ICO reprimands Labour Party over delays in handling subject access requests

The UK Information Commissioner’s Office has issued a reprimand to the Labour Party for repeatedly failing to respond to subject access requests made by people following a cyber attack in October 2021.

 

In October 2021, Tangent, a company that supplied the UK Labour Party’s member system, suffered a ransomware attack following which the party started to develop a backlog of subject access requests (SARs).

 

In a recent press release, the UK Information Commissioner’s Office said that it has received 150 complaints against the Labour Party’s handling of SARs in the year from November 2021 to November 2022.

 

An investigation resulting from the complaints revealed that in "November 2022, the Labour Party had received 352 SARs that required a response. Of that number, 78% had not received a response within the maximum compulsory time limit of three months, and over half (56%) were significantly delayed by over one year.”

 

“During its investigation, we were also informed of the existence of a ‘privacy inbox’ that had not been monitored by the Labour Party since November 2021. The inbox contained approximately 646 additional SARs and approximately 597 requests for personal information to be deleted. While some of these may have been duplications, none of the requests had been responded to by the Labour Party,” ICO said.

 

Following the information watchdog’s findings, the Labour Party has taken steps to address its backlog, including assigning three temporary members of staff to solely tackle the outstanding requests, allocating extra funds and implementing an action plan.

 

The ICO has advised the Labour Party to work according to the action plan and make sure to have adequate staffing in place to respond to SARs on time and ensure future compliance with the law.

 

“Being able to ask an organisation ’what information do you hold on me?’ and ’how it is being used?’ is a fundamental right, which provides both transparency and accountability.
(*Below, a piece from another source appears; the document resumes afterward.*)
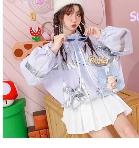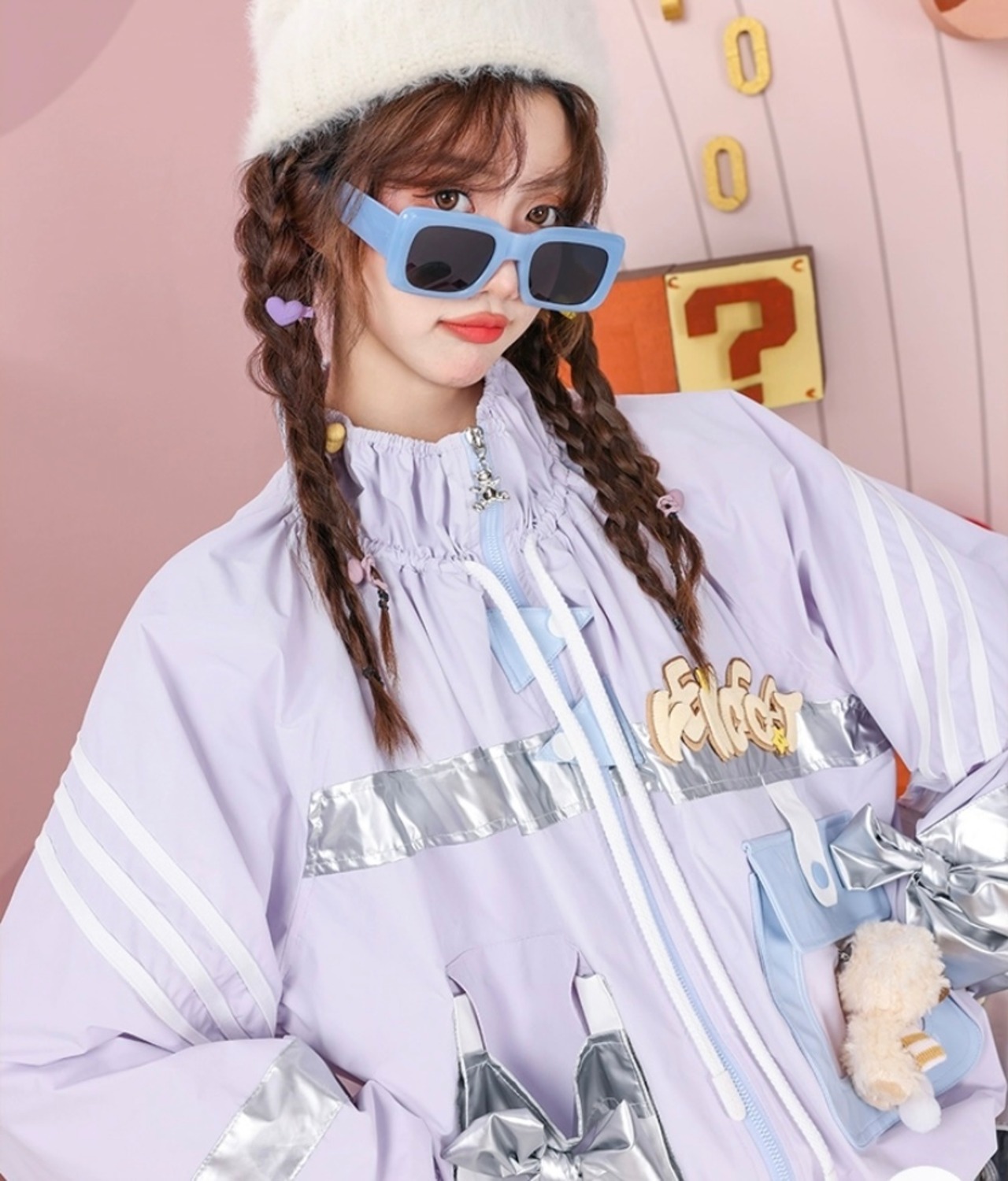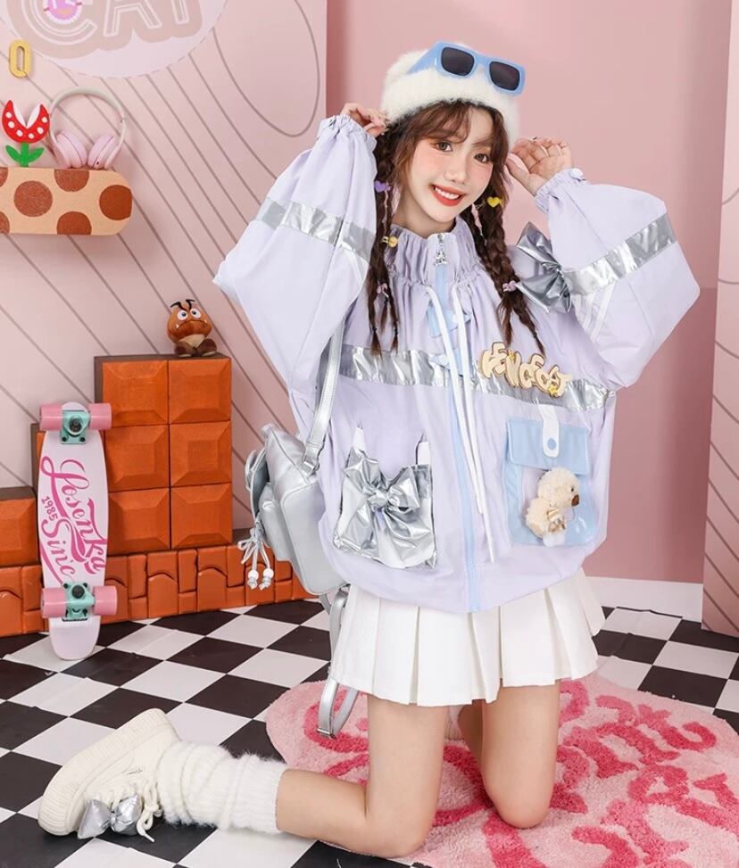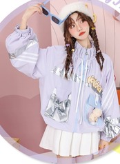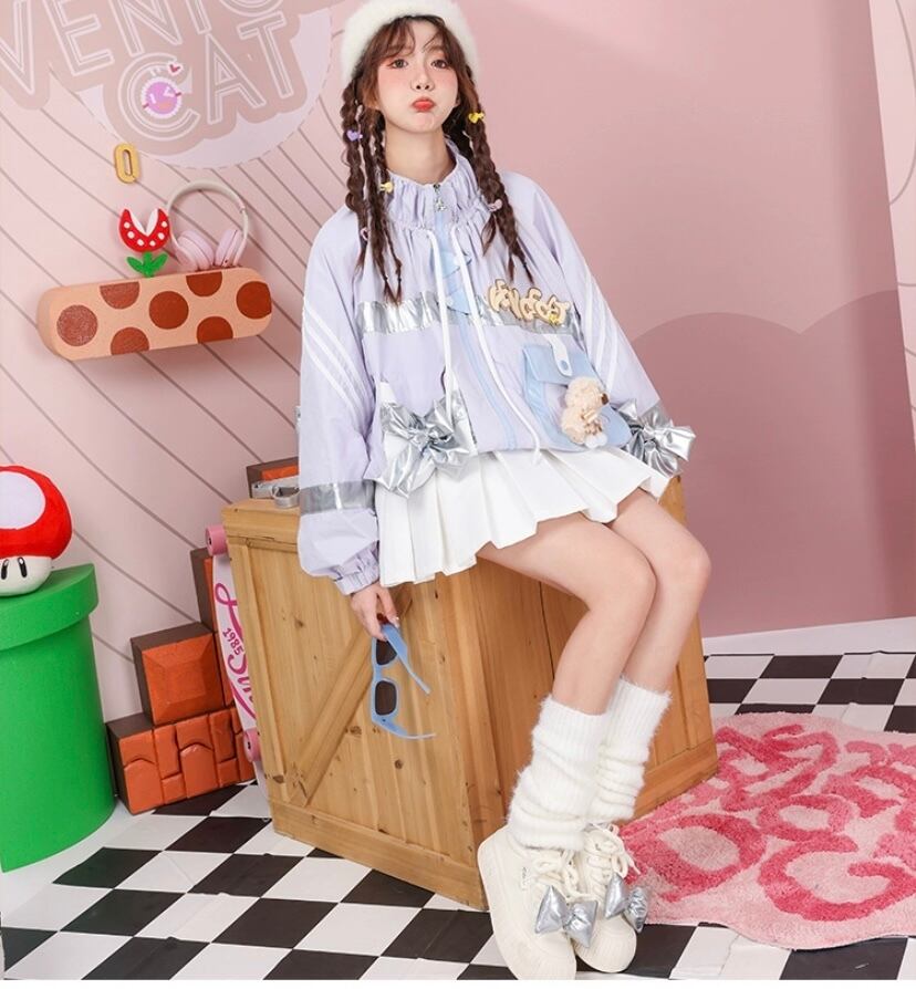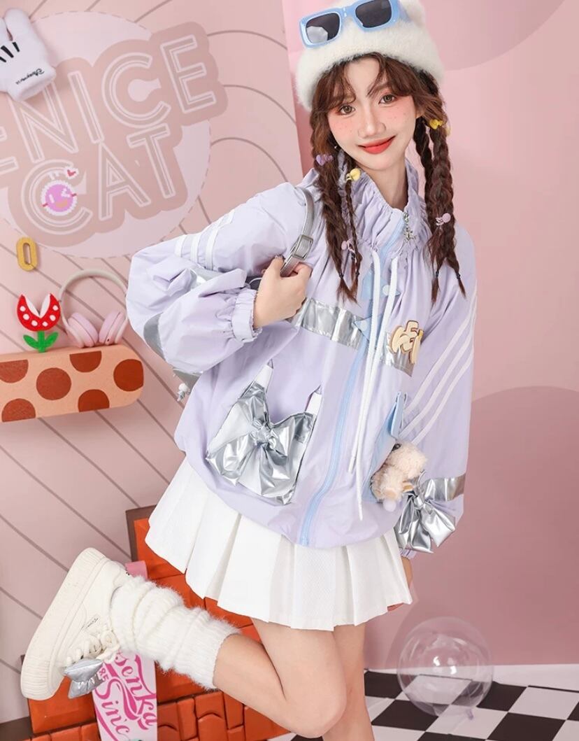 パープル 紫 シルバー 銀 銀色 ジャンバー アウター ジャケット コート ガーリー 原宿 姫 ブルゾン コート リボン

It is vital that organisations do not underestimate the importance of responding to these requests on time,” said Stephen Bonner, Deputy Commissioner at the ICO.

 

“The public need to fully trust that a political party will handle their data correctly and respect their information rights. We welcome news that the Labour Party has now cleared its backlog of SARs and implemented further measures to ensure people receive a prompt response going forward.”